_DATA FOR THIS TASK_

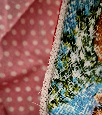 9. Подворачиваем открытый край канвы, пришиваем его к подкладке потайным швом.
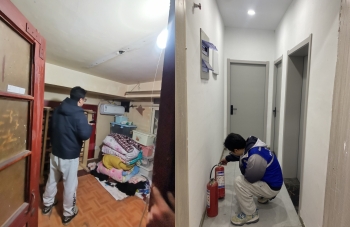 現(xiàn)場,工作人員、派出所民警及消防人員等,重點就“三合一”場所的安全出口數(shù)量、疏散門的開啟方向是否符合要求,疏散通道、安全出口是否被堵塞,滅火器的配置、電器線路鋪設(shè)是否符合要求、有無線路老化現(xiàn)象,場所內(nèi)有無違規(guī)住人等情況進(jìn)行檢查。
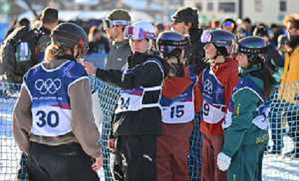 Hanna Karrer, AUT, Bib No: 30, Action Photo Lucia Georgalli, NZL, Bib No: 24, Action Photo Juliette Pelchat CAN, Bib No: 15 Action Photo Laurie Blouin, CAN, Bib No:9, Action Photo Ally Hickman, AUS, Bib No: 14, Action Photo, Women's Slopestyle Qualification at Snowboard Olympic Winter Games 2025-26 in Milano-Cortina, Italy, 2026-02-15, Photo Credit: action press / Christian Stadler / KarmaPress - AGENZIA ALDO LIVERANI SAS ITALY ONLY EDITORIAL USE ONLY
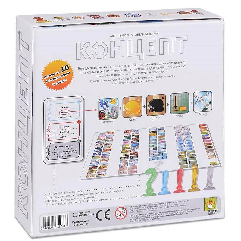 Концепт - настолна парти игра с карти за цялото семейство има за цел да познаете различните предмети с иконите, които са поставени пред теб. Отбор от двама играчи избират дума, която трябва да бъде позната от опонентите им. Например, ако думата е мляко, можете да поставите питанка на иконката за течност. Който познае получава по 2 точки. Победителят е с най-много точки. Концепт - настолна парти игра с карти за цялото семейство е забавна игра, която можете да играете навсякъде. Можете да разгледате останалите продукти от категорията "Настолни игри" ТУК!
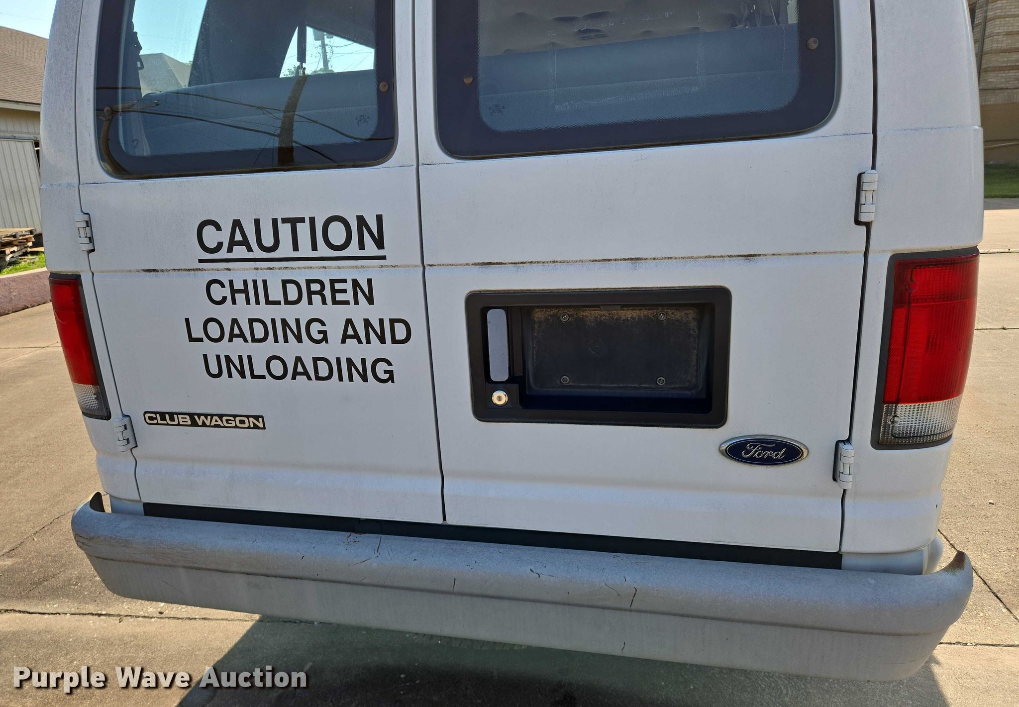 1998 Ford Club Wagon XL van. Miles: 88,252 on odometer, VIN: 1FBSS31L2WHC07761. Engine Displacement: 5.4L V8 SOHC, Cylinders: 8, Fuel type: Gas. Transmission Automatic. Interior AC, Heat. Tires Size: 245/75R16. Notes Non-operational passenger side rear door, Rear door issues, will not open, Non-operational AC. Oklahoma title. Title distribution may be delayed up to 14 days from verification of funds. United Community Action Program Inc.. Pawnee, OK 74058
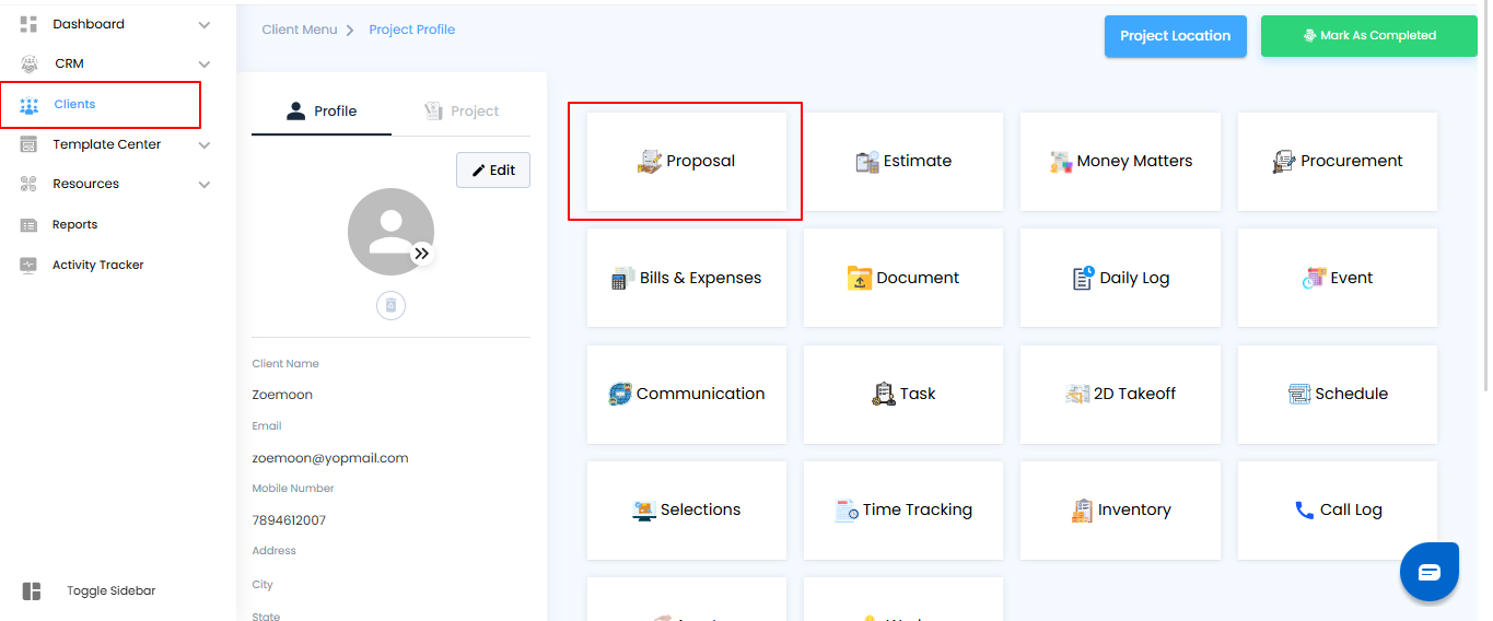 - Click on Proposal to view the proposals associated with that client.

_ASSIGNED TASK_
Repeat the records above word for word, apart from the pictures.

_SOLUTION BELOW_
 9. Подворачиваем открытый край канвы, пришиваем его к подкладке потайным швом.
 現(xiàn)場,工作人員、派出所民警及消防人員等,重點就“三合一”場所的安全出口數(shù)量、疏散門的開啟方向是否符合要求,疏散通道、安全出口是否被堵塞,滅火器的配置、電器線路鋪設(shè)是否符合要求、有無線路老化現(xiàn)象,場所內(nèi)有無違規(guī)住人等情況進(jìn)行檢查。
 Hanna Karrer, AUT, Bib No: 30, Action Photo Lucia Georgalli, NZL, Bib No: 24, Action Photo Juliette Pelchat CAN, Bib No: 15 Action Photo Laurie Blouin, CAN, Bib No:9, Action Photo Ally Hickman, AUS, Bib No: 14, Action Photo, Women's Slopestyle Qualification at Snowboard Olympic Winter Games 2025-26 in Milano-Cortina, Italy, 2026-02-15, Photo Credit: action press / Christian Stadler / KarmaPress - AGENZIA ALDO LIVERANI SAS ITALY ONLY EDITORIAL USE ONLY
 Концепт - настолна парти игра с карти за цялото семейство има за цел да познаете различните предмети с иконите, които са поставени пред теб. Отбор от двама играчи избират дума, която трябва да бъде позната от опонентите им. Например, ако думата е мляко, можете да поставите питанка на иконката за течност. Който познае получава по 2 точки. Победителят е с най-много точки. Концепт - настолна парти игра с карти за цялото семейство е забавна игра, която можете да играете навсякъде. Можете да разгледате останалите продукти от категорията "Настолни игри" ТУК!
 1998 Ford Club Wagon XL van. Miles: 88,252 on odometer, VIN: 1FBSS31L2WHC07761. Engine Displacement: 5.4L V8 SOHC, Cylinders: 8, Fuel type: Gas. Transmission Automatic. Interior AC, Heat. Tires Size: 245/75R16. Notes Non-operational passenger side rear door, Rear door issues, will not open, Non-operational AC. Oklahoma title. Title distribution may be delayed up to 14 days from verification of funds. United Community Action Program Inc.. Pawnee, OK 74058
 - Click on Proposal to view the proposals associated with that client.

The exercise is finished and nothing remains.